Granny Bates' Hill by M.A. Devine

I'M wandering back to-night
To visions calm and bright,
As I sit alone within the firelight's glow.
To the time when boyish dreams
Were tinged with rosy dreams
In the merry, merry days of long ago.
One scene amongst them all
With pleasure I recall,
As memory lingers fondly with me still:
Oh ! the pleasure and the joy,
When I was a laughing boy,
And went sliding over Granny Bates' Hill.

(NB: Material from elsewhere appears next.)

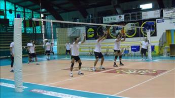 Nella foto, i giocatori della Tonno Callipo Calabria Vibo Valentia impegnati in un’esercitazione a muro

I see thy berg-lined shore,
My island home once more.
I tread thy glassy snow-slopes once again,
Tho' I've wandered far away
Across the rolling sea,
To find a home beside the hills of Maine.
Thy cherry-cheeked boys,
Thy girls with romping noise,
Far up thro' memory's vale they throng at will;
I see the hillside white;
I see the moonlight;
I see the slides of Granny Bates' Hill.

The snows of sixty year
Have tinged and streaked my hair,
I've many brawny sons to manhood grown;
I see the churchyard still
Beneath the pine-clad hill,
Where after death my body will be thrown.
But in the brands to-night
I trail a vision bright:
A scene that makes my inmost spirit thrill,
And I waft a backward sigh
For the youthful days gone by,
When sliding over Granny Bates' Hill.